幸福論 (No.217 への返信) - ひみつ

『幸福論』





 見事に盛り上がりに欠けた入学式は、淡々とスケージュールを消化していき、そのまま山場も無く終了した。大学といってもやることは今までと大して変わらないようで、安心したというか失望したというか。僕は席を立った。出口に向かいながら、早速ネクタイを緩める。息苦しい。この短い時間でこれだ。将来が少し不安になった。
 ふう、と息を吐く。式場の外はサークルの勧誘で一杯だった。それはもう。これは帰るのも一苦労だな、とそう思い落ち着くまでこの場に居ることにした。

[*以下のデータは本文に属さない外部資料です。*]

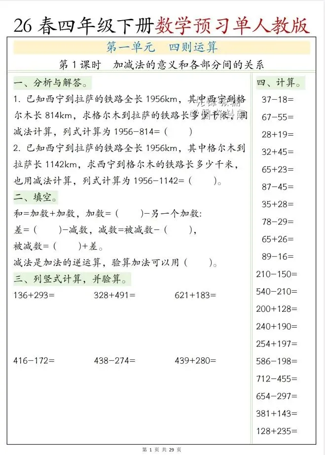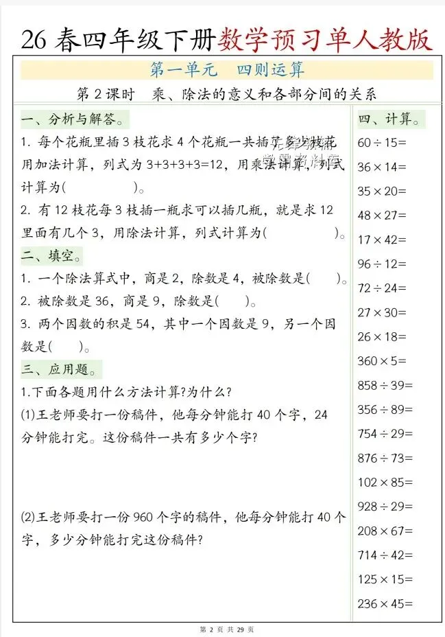 文末免费下载|26春四年级下册数学第一单元预习单《人教版》

 運良く空いていた傍のベンチに腰を落とす。行き交う人々を見て、とりあえず四年間よろしくと心の中で告げた。皆、笑顔で返してくれた、気がした。
 誰も知らない。そんな街で僕は大学生になった。逃げるように勉強をした。必死というのは、つまり、あの時の僕を指すのだろう。そのおかげで随分ランクの高い大学に入学することが出来た。ある種の強さを手に入れたんだ。未だに根強い学力社会の中を生き抜くためには必要なことだから。
 グッと両手を伸ばしストレッチをする。だるいだけの式で疲労感は一杯なのだ。順番に身体をほぐしていく。肩、肘、手首。

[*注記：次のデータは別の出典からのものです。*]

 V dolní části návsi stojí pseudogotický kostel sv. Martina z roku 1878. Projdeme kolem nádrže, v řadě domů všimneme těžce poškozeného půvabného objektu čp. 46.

 ごちゃごちゃと動いていると、隣からの視線を感じた。鬱陶しかったんだろうか? そっとここから離れようと思い腰を上げた。
「ねえ」
 ふと、掛けられたその声に懐かしさを感じた。
 振り返ることに心が抵抗した。それでも身体は本能に従うように、反対に向き直る。そうした先で見た姿は、やはり心が拒否しただけはあるなと感じさせる人物だった。

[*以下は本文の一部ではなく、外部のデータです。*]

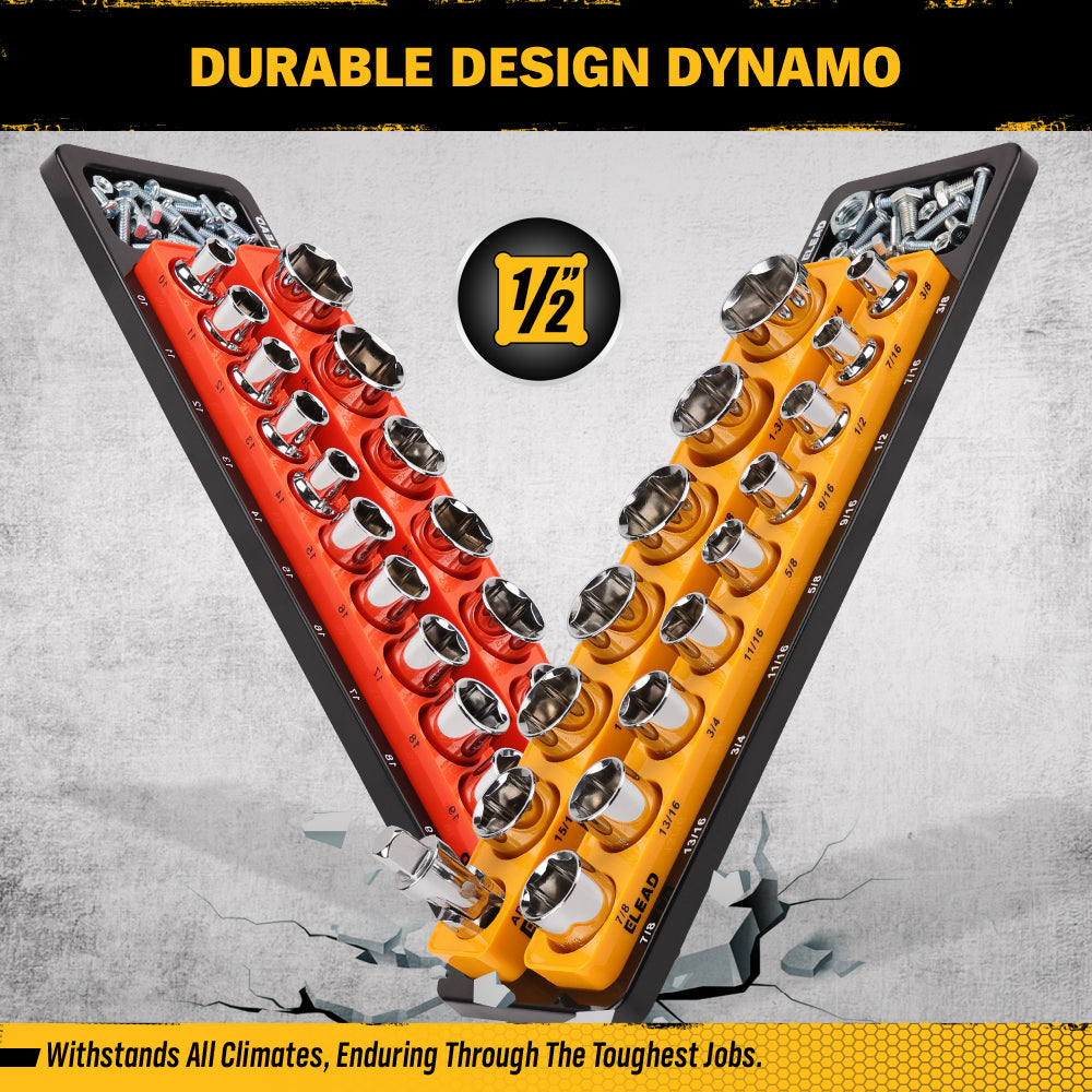 ELEAD 1/2-Inch Magnetic Detachable Socket Organizer Set, 35-Slot MM & SAE Heavy-Duty Socket Holder for Tool Carts, Toolboxes & Workshops

 神様の悪戯、にしてはこの人選はどうかと思う。少し笑ってしまった。
「やっぱり」
 はあ、とため息を吐かれた。気の強そうなその目は健在だ。真っ黒なパンツスーツに身を包んでいて、パッと見では分からなかっただろうに。化粧も少しだけどしているみたいだ。大人っぽくてびっくりした。
「なんでいるのよ」
 ため息混じりにそんなことを言われた。
 それはこっちの台詞だ、と思ったけど、口には出せず「なんでだろうねぇ」と目を逸らしながら言うのが精一杯だった。
「まあいいわ。あなたもこの大学だったのね」
 頑なに無表情で淡々と喋る彼女は、少し大人っぽくなっていても、やっぱり二木佳奈多なのだろう。
「まあ」
「ふーん」
 じろじろと値踏みするように僕の身体を頭からつま先まで一通り見てくる。少し恥ずかしい。
「な、なに?」
「ああ。思ってたよりも悪くないわね」
 何がだ。
「あぁ、頭じゃなくてその格好よ」
 それはそれで失礼じゃないかな。
「褒めてるのよ。素直に受け取りなさい」
「……ありがとう」
「それでいいのよ」
 ふっ、息を漏らす。その仕草は学生時代に見せたそれとなんら変わらないものだった。
 服装だけで違う印象を受けたが、中身は相変わらずのようだ。皮肉ったらしい彼女の言い草に安心感を覚えてしまった僕は決してマゾヒストという訳ではない。久しぶりに知り合いに会った時、変わらないなぁって感じたら誰でも郷愁の念を抱くはずだ。つまり、そういうことだね、うん。決してマゾヒストという訳ではない。本当に。
「ああそうだ」
 僕が自分に言い訳をしていると「あなたの飼い猫は元気?」と思い出しように問いかけてきた。
「鈴のこと?」
「そうね」
「うん。元気だよ」
「そう、それはよかった」
「うん。まあ」
 ふと思い浮かぶのは家でごろごろしている鈴。きっと今もごろごろしているだろう。フカーとか、うにゃーだとか、うがーなんて叫びながら。微笑ましいというか何と言うか。
「元気すぎて困ってるぐらいなんだけど」
「ふふふ。何となく想像できるところが、あなたらしいわね」
 クスクスと笑う。初めてかもしれない、と思う。彼女の笑顔を見たのは。
 僕は馬鹿みたいに口を開けてその顔を見ていた。
「ん? どうしたの?」
「いや、二木さんも笑うんだなって……」
「はあ?」
 高校時代、彼女は風紀委員だった。だからだろうか。厳格でいようとしていたのか、彼女の笑顔を僕は見たことが無かった。笑えない人だと思っていた。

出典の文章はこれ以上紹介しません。